## SUPPLIED MATERIAL
◇ ◇ ◇ ◇ ◇ ◇ ◇

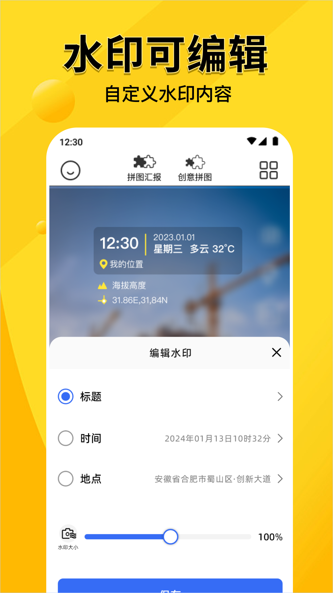水印上内容选项自由开关,自由添加水印内容行数、修改颜色、添加图片logo等
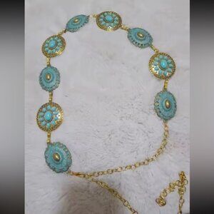 Chic belt with turquoise accents. Gold chain adds elegance. Perfect for any outfit.
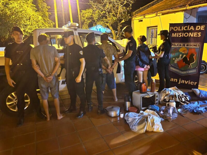 En la madrugada de hoy, agentes de la Comisaría Jurisdiccional y la División Comando Radioeléctrico de San Javier aprehendieron a una mujer y dos hombres acusados de ingresar a una vivienda en el barrio Santa Rita, y sustraer electrodomésticos, utensilios de cocina y prendas de vestir. La policía fue alertada por la pareja de la sospechosa quien manifestó que la misma junto a su amante ocultaron lo robado en su propiedad.
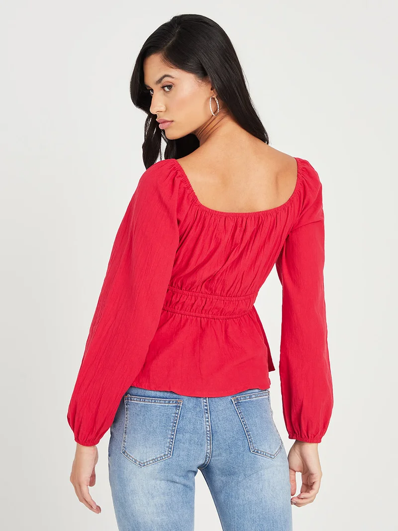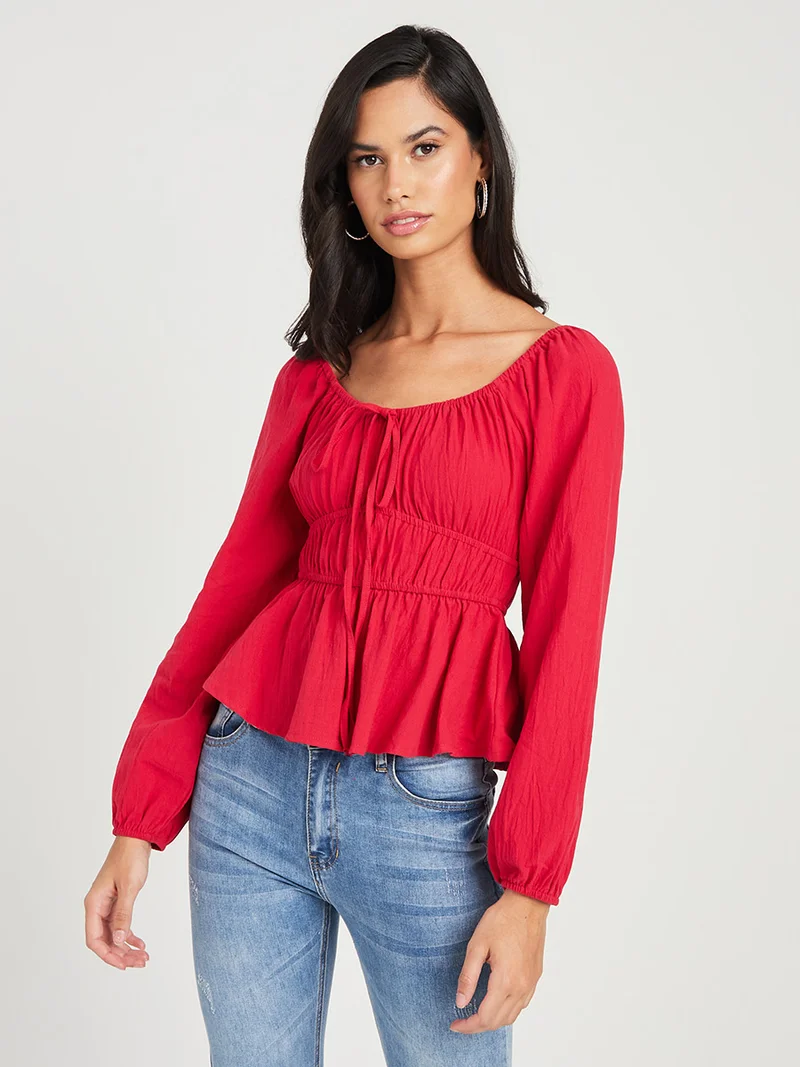 Closet By Styli Peasant Style Tie Detail Woven Blouse Red
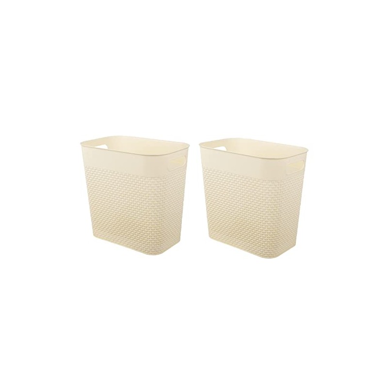 UUJOLY Plastic Small Trash Can Wastebasket, Garbage Container Basket for Bathrooms, Laundry Room, Kitchens, Offices, Kids Rooms, Dorms, (Beige, 2 Pack/3 gallons)
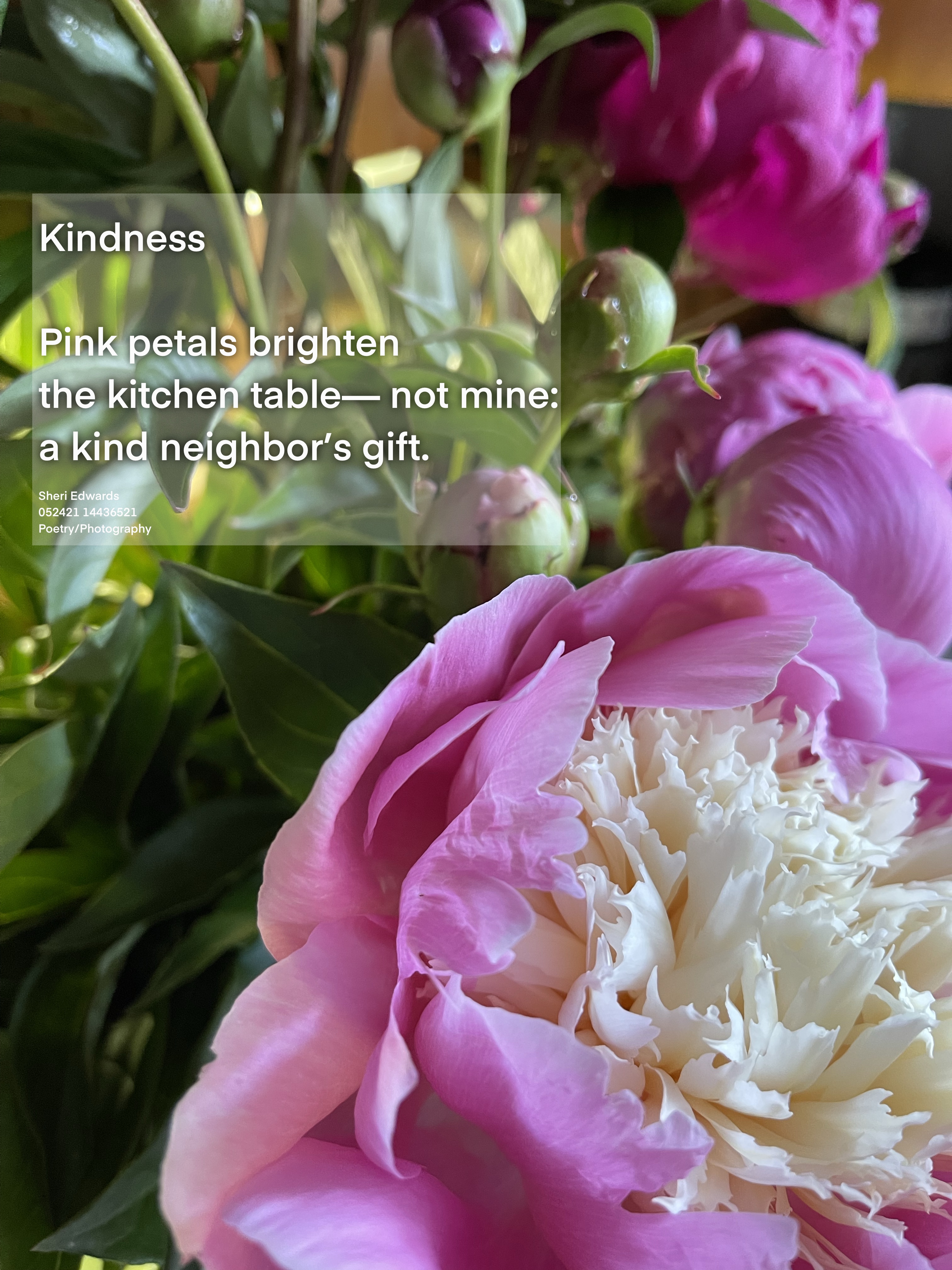 Every day, a photograph, a poem. The other day we walked by the neighbor’s house and stopped at their amazing garden, filled with giant peonies. My own peonies are small and often don’t even bloom. So these giant peonies were a sight to enjoy.

◇ ◇ ◇ ◇ ◇ ◇ ◇

## WHAT IS BEING ASKED
Return exactly the lines from the line with "Chic belt with" through the last line of the data above, both included; pictures do not go in the answer.

## WRITTEN ANSWER
 Chic belt with turquoise accents. Gold chain adds elegance. Perfect for any outfit.
 En la madrugada de hoy, agentes de la Comisaría Jurisdiccional y la División Comando Radioeléctrico de San Javier aprehendieron a una mujer y dos hombres acusados de ingresar a una vivienda en el barrio Santa Rita, y sustraer electrodomésticos, utensilios de cocina y prendas de vestir. La policía fue alertada por la pareja de la sospechosa quien manifestó que la misma junto a su amante ocultaron lo robado en su propiedad.
 Closet By Styli Peasant Style Tie Detail Woven Blouse Red
 UUJOLY Plastic Small Trash Can Wastebasket, Garbage Container Basket for Bathrooms, Laundry Room, Kitchens, Offices, Kids Rooms, Dorms, (Beige, 2 Pack/3 gallons)
 Every day, a photograph, a poem. The other day we walked by the neighbor’s house and stopped at their amazing garden, filled with giant peonies. My own peonies are small and often don’t even bloom. So these giant peonies were a sight to enjoy.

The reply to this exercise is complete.